When historians think of archives, they often think of labeled boxes full of labeled folders, perhaps not easy to carry but certainly box-sized. Of course, Special Collections contains any number of other types of items, including but not limited to rare books, unpublished manuscripts, rare maps, artifacts of all kinds (banners, coins, koozies, and everything in between).
Since we’re in the midst of the 100th anniversary of World War I, Special Collections Librarian Megan Mulder has been making more frequent use of our collection of World War I-era posters. These posters, mostly created by U.S. government offices, are large and also fragile, an unfortunate combination. Wartime-era paper is a great example of how rationing can trickle into many aspects of life – you can tell they were rationing the various components of the paper, as well as steel and food.
Because the posters are oversized, getting them into our Research Room (ZSR625) can involve an ungraceful amount of wrestling folders that are almost my height and span longer than my arms can handle, too. And I’m the tallest in the department! Carts that are designed to move oversize items and folders are available for purchase but cost around $600; it’s not a guarantee that they would be navigable in our stacks areas, either – the flat file cases that hold these oversize folders are located behind narrow shelves and navigation gets complicated.
Take it away, Craig – how did you fix it?
What else is a Preservation Librarian to do when a good friend and colleague shows up with a huge stack of posters? Help them move them gladly, of course! Our team had been batting around the idea of a “map cart” for some time and Tanya Zanish-Belcher had sent me some great visual ideas. In addition to these fragile WWI posters, we also had to move large, elderly maps around from our map cases into our classroom. Without a good conveyance, these maps might have a rough voyage. I remembered a seldom-used, large plant-moving dolly that I had Facilities build back in the 1990’s and felt it would be a perfect base for the map/poster cart. To save us some money and help us test a cart’s abilities in our stacks, I re-purposed an existing wooden flatbed that had been used elsewhere previously.

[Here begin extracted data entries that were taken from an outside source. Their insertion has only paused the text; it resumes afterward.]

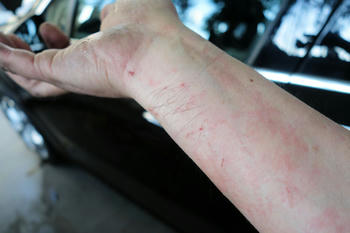 腕が傷だらけ~。今晩の風呂が滲みそうです‥
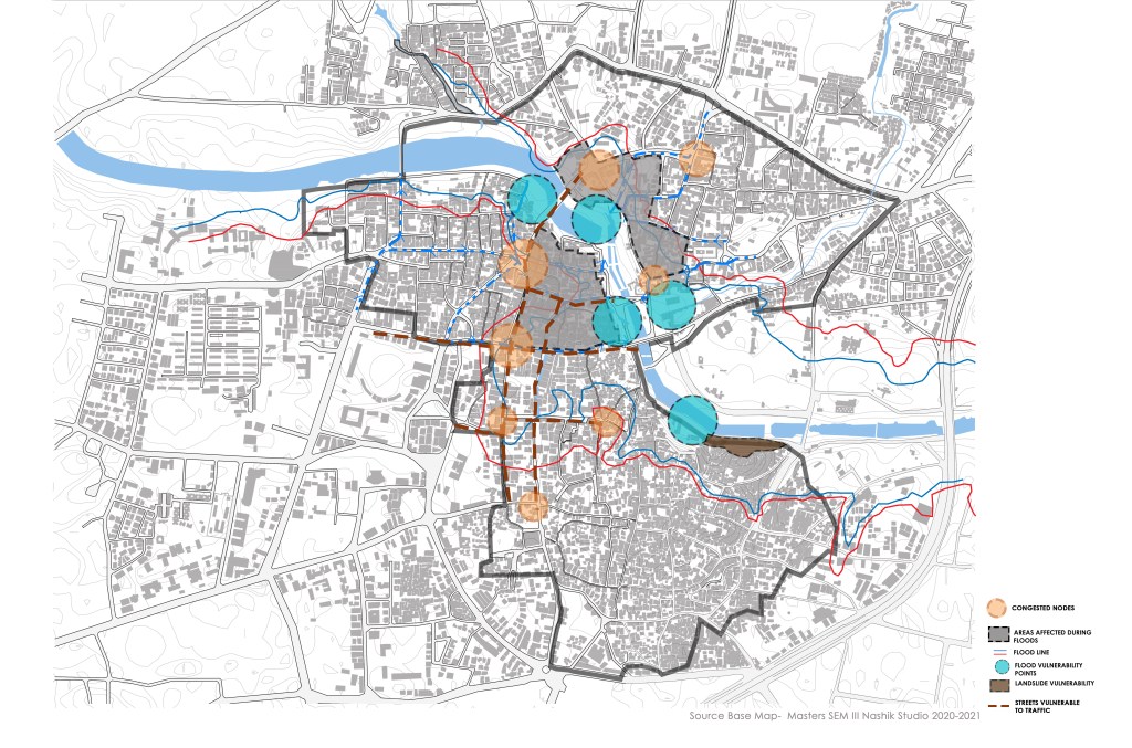 Nashik is one such case which based in the Triambak hills, forming one natural setting to base the mythology of the city in. It is one of the four sites for the Kumbh Mela deeply rooted in mythology of it being visited by Rama on his way to Lanka. Thus it became a venerated spot over time with factual and mythological associations and eventually being called the Varanasi of the south. River Godavari elevated to the status of holy river Ganga, thus the riverfront and surrounding precinct serve to the sanctify the sacredness of the city. Tucked away between the 9 peaks of the Deccan Plateau, this city holds great historical, mythological, cultural, and social significance in India. The combination of indigenous and religious culture makes Nashik a rich territory where multiple cultural resources interact. Ecology of Godavari and the 9 teks in the historic core are significant aspects to majorly focus upon as it contributes to the religious identification of the city.
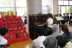 | 職員玄関では、ロビーコンサートが行われ、大正のオルガン伴奏に合わせた、音楽部の校歌演奏、また有志による明治のピアノを使った演奏発表がありました。 |
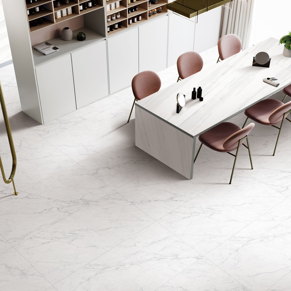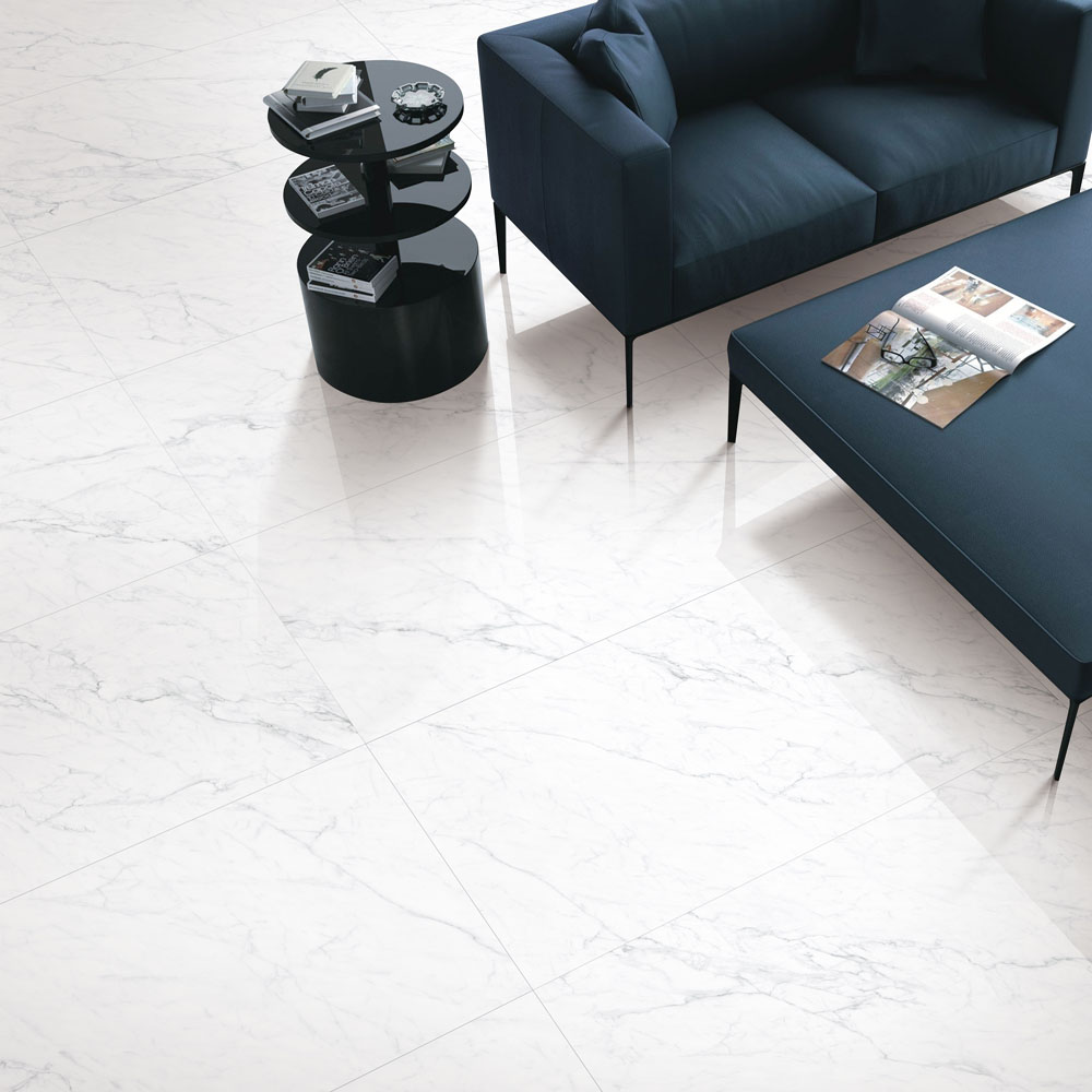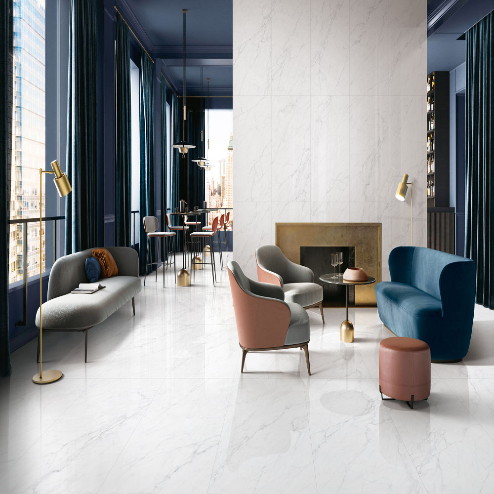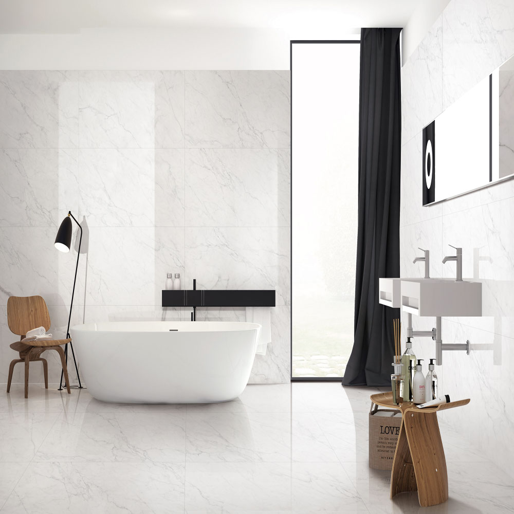 シックなモノトーンの屋内向き床壁用の600mm角タイル。(壁:接着剤張/金具工法推奨)
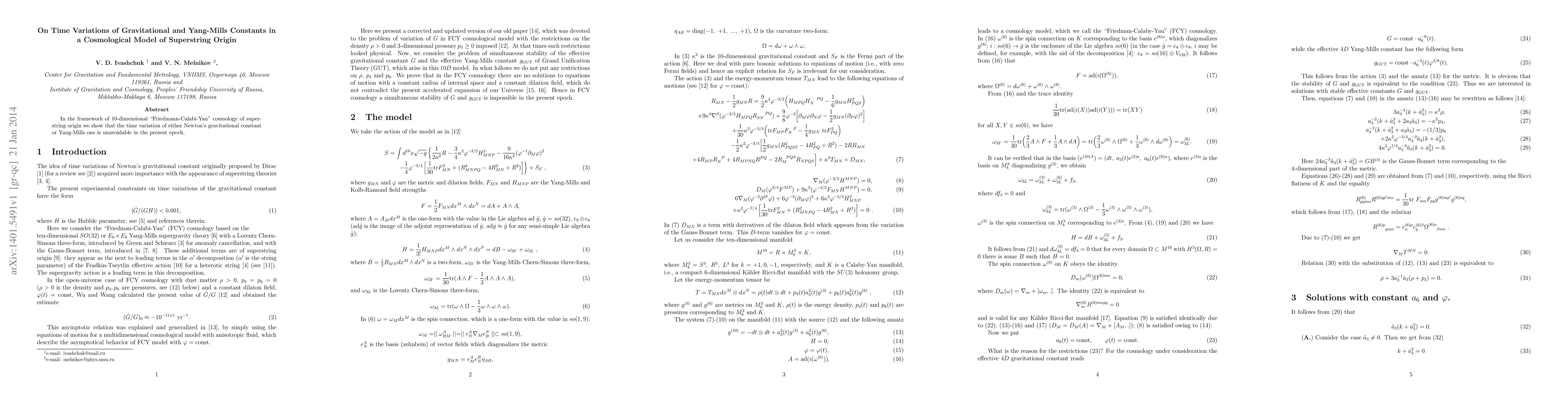 This paper explores a 10-dimensional cosmological model derived from superstring theory, demonstrating that the time variation of either Newton's gravitational constant or the Yang-Mills constant is inevitable in the current cosmological epoch. The study highlights the dynamic nature of fundamental constants in the context of superstring cosmology.
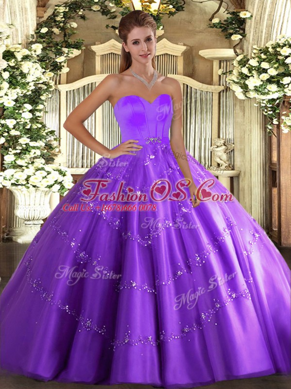 Eggplant Purple Quinceanera Gowns Military Ball and Sweet 16 and Quinceanera with Beading and Appliques Sweetheart Sleeveless Lace Up
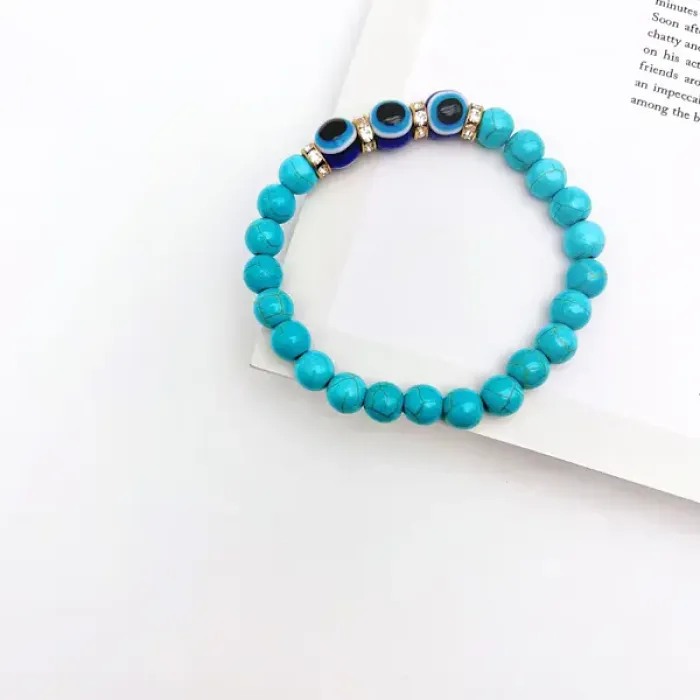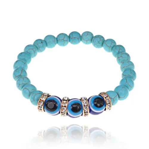 Браслет от сглаза с бирюзой и стразами, 10мм BJBS-327
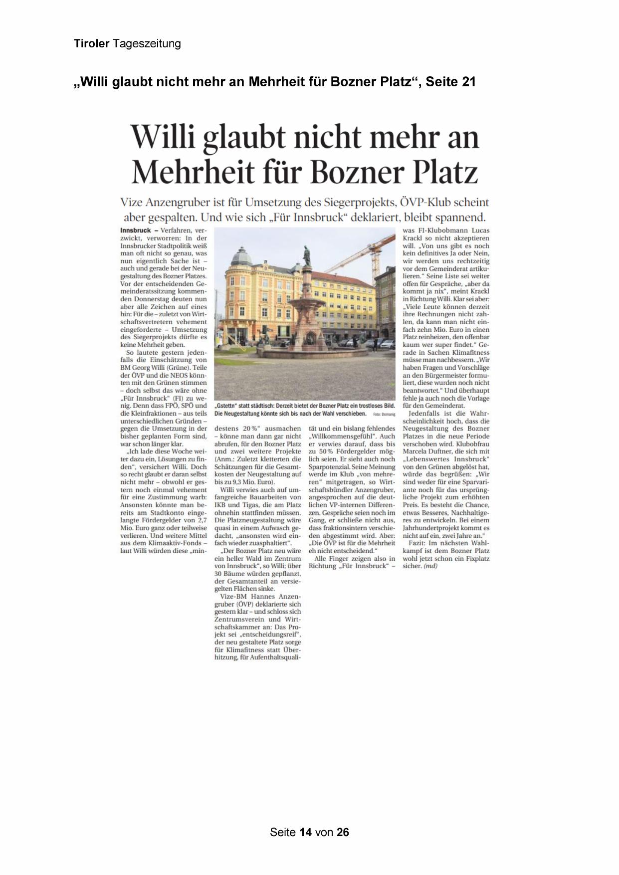 „Willi glaubt nicht mehr an Mehrheit für Bozner Platz“, Seite 21

To turn a plant mover into a map and poster mover, I constructed a foam core triangle to sit on top of the dolly and added book-cloth straps Voila – we had a cart for safely moving large, fragile objects. This will help us move our larger Special Collections materials around without damaging them. No more armfuls of posters taller than us anymore! Look for the cart on Reynolds 6, or ask us for a demonstration.